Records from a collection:
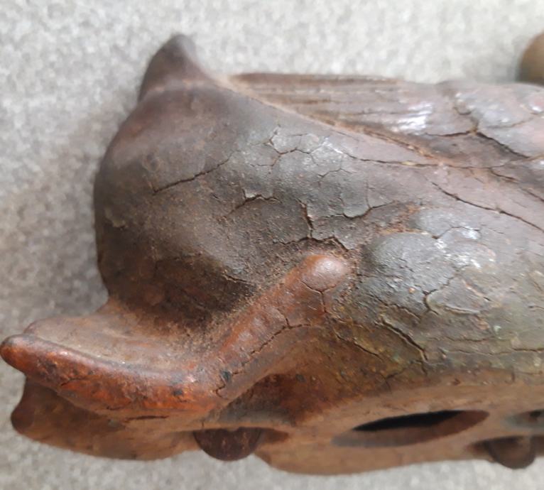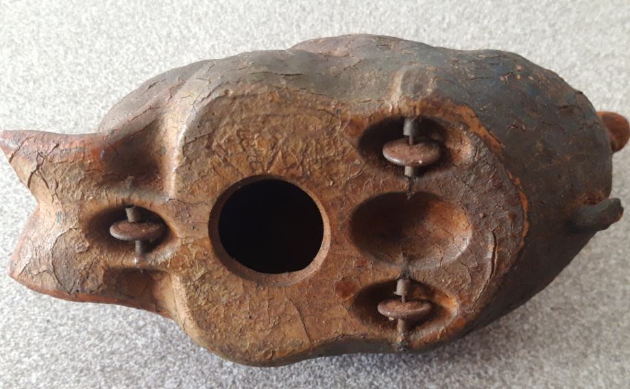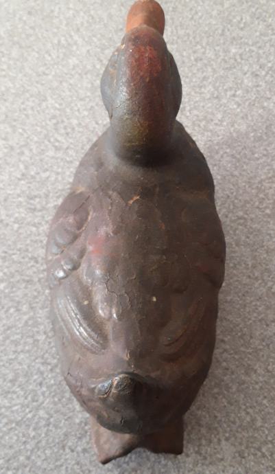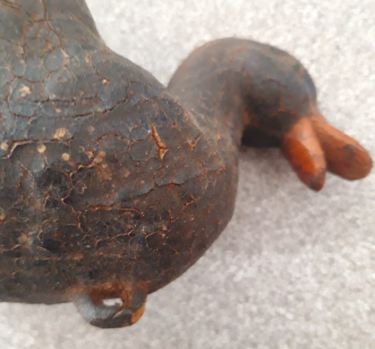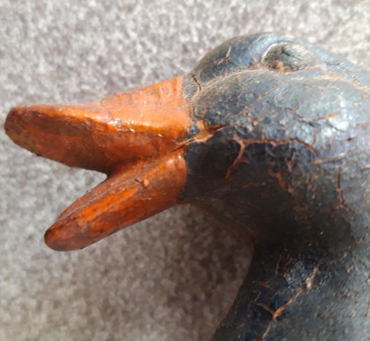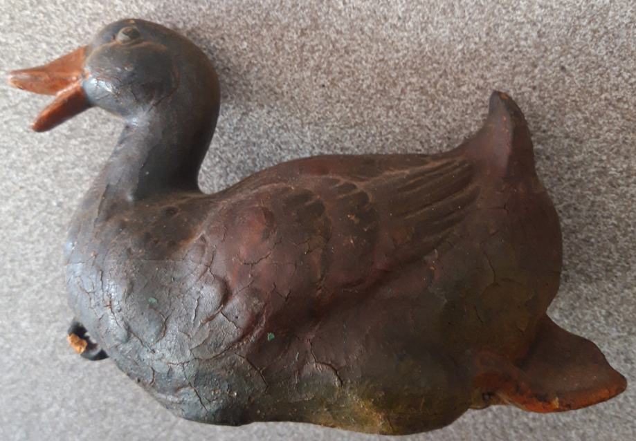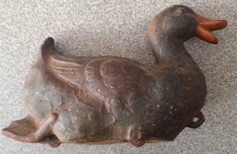 TOČNO SE RADI O IGRAČKI ZA DJECU JER JE VIDLJIVA RUPICA ISPOD GLAVE PATKE,GDJE SE VEZAO NEKI ŠPAG (KONOP )TAKO DA BI DIJETE ISTU MOGLO VUČI JER ISPOD IMA 3 METALNA KOTAČIĆA KOJI SU I DANAS U FUNKCIJI.NEKAD DAVNO NEKI RODITELJ ILI ROĐAK, PRIJATELJ KUPIO JE IGRAČKU DJETETU.TAD IGRAČKA,DANAS ISTO TAKO ALI PUNO ZNAČAJNIJA I VAŽNIJA A POGOTOVO SKUPLJA.KADA BI IGRAČKU OCJENJIVALI OD 1 DO 10, UOPČE NE DVOJIM DA BI BILA OCJENJENA ČISTOM DESETKOM.
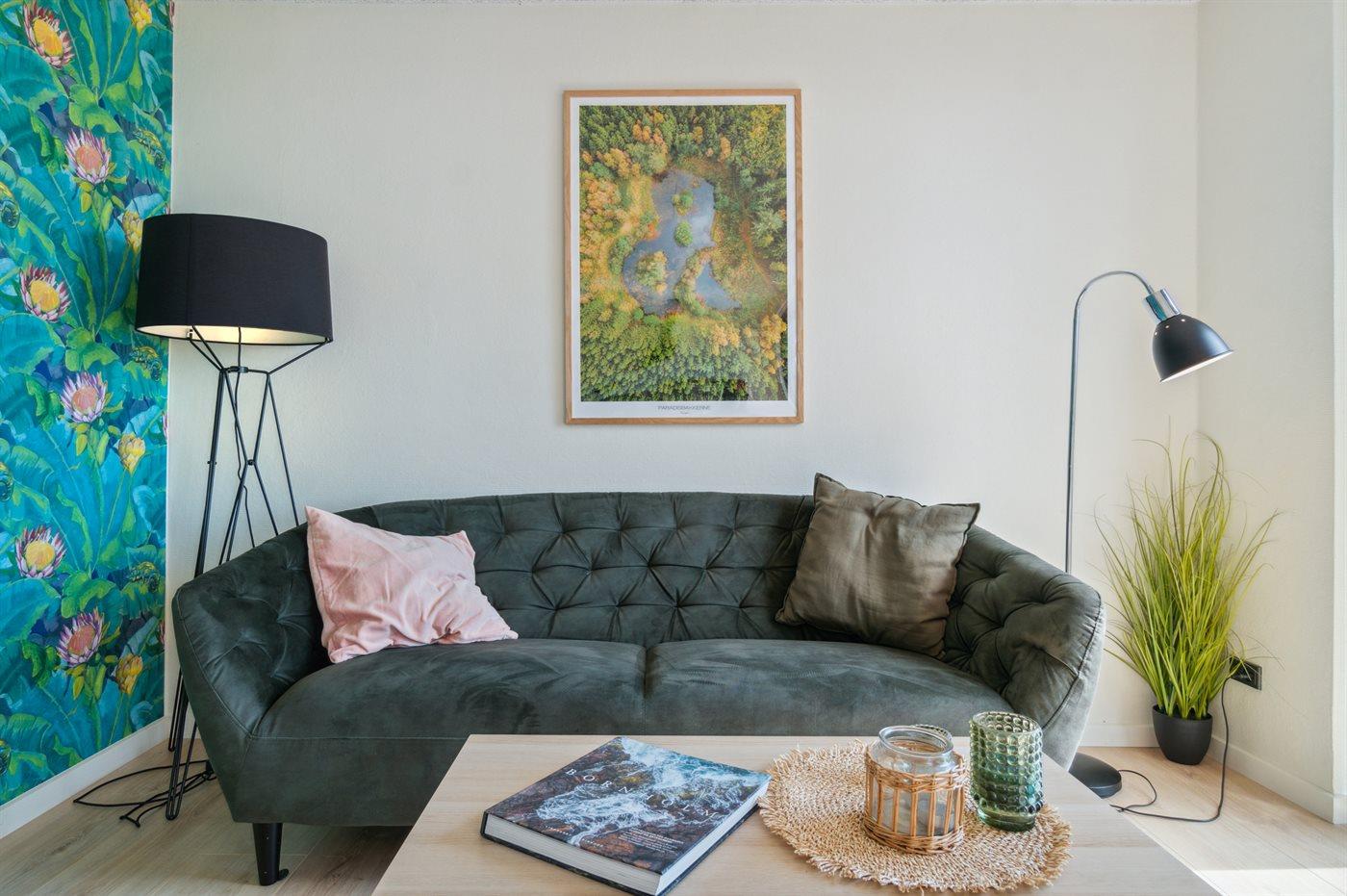 Direkter Zugang vom Wohnzimmer zur erhöhten Holzterrasse, auf der man ebenfalls die Aussicht genießen kann. Helle und warme Farben verleihen dem Inneren der Wohnung ein einladendes Ambiente, das neben dem Wohnzimmer mit moderner Küchenecke auch zwei gute Schlafzimmer und ein modernes Badezimmer umfasst.
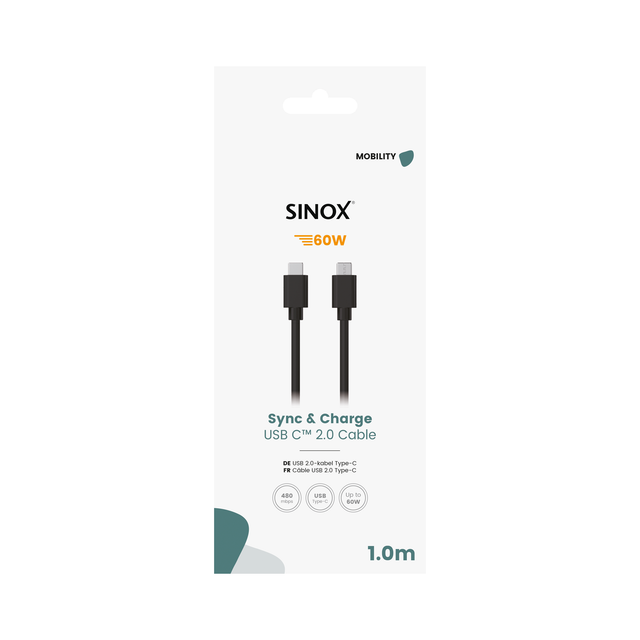 Sinox USB C kabel bruges bl.a. som ladekabel til MacBook™. Lader op til 60W
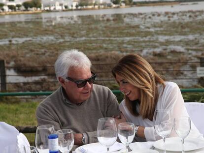El expresidente recibe un homenaje de los vecinos de Almonte por su implicación en el coto de Doñana, al que asiste la dirigente socialista andaluza
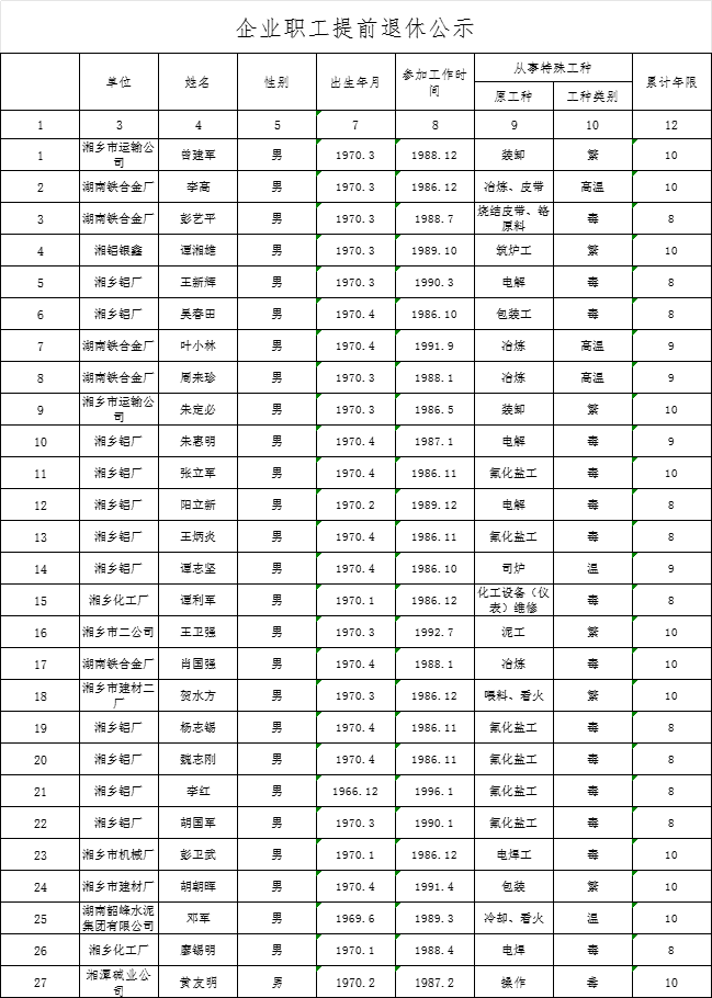 現(xiàn)將擬辦理特殊工種提前退休人員基本情況予以公示,公示時(shí)間5個(gè)工作日202556日至2025512日)。如有異議,請?jiān)诠酒趦?nèi)向湘鄉(xiāng)市人力資源和社會(huì)保障局(舉報(bào)電話:0731-52265582)反映。

* **What needs to be done**
From the line that contains "Direkter Zugang vom" through the last line of the entries, transcribe every line exactly, leaving out the pictures.

* **Result**
 Direkter Zugang vom Wohnzimmer zur erhöhten Holzterrasse, auf der man ebenfalls die Aussicht genießen kann. Helle und warme Farben verleihen dem Inneren der Wohnung ein einladendes Ambiente, das neben dem Wohnzimmer mit moderner Küchenecke auch zwei gute Schlafzimmer und ein modernes Badezimmer umfasst.
 Sinox USB C kabel bruges bl.a. som ladekabel til MacBook™. Lader op til 60W
El expresidente recibe un homenaje de los vecinos de Almonte por su implicación en el coto de Doñana, al que asiste la dirigente socialista andaluza
 現(xiàn)將擬辦理特殊工種提前退休人員基本情況予以公示,公示時(shí)間5個(gè)工作日202556日至2025512日)。如有異議,請?jiān)诠酒趦?nèi)向湘鄉(xiāng)市人力資源和社會(huì)保障局(舉報(bào)電話:0731-52265582)反映。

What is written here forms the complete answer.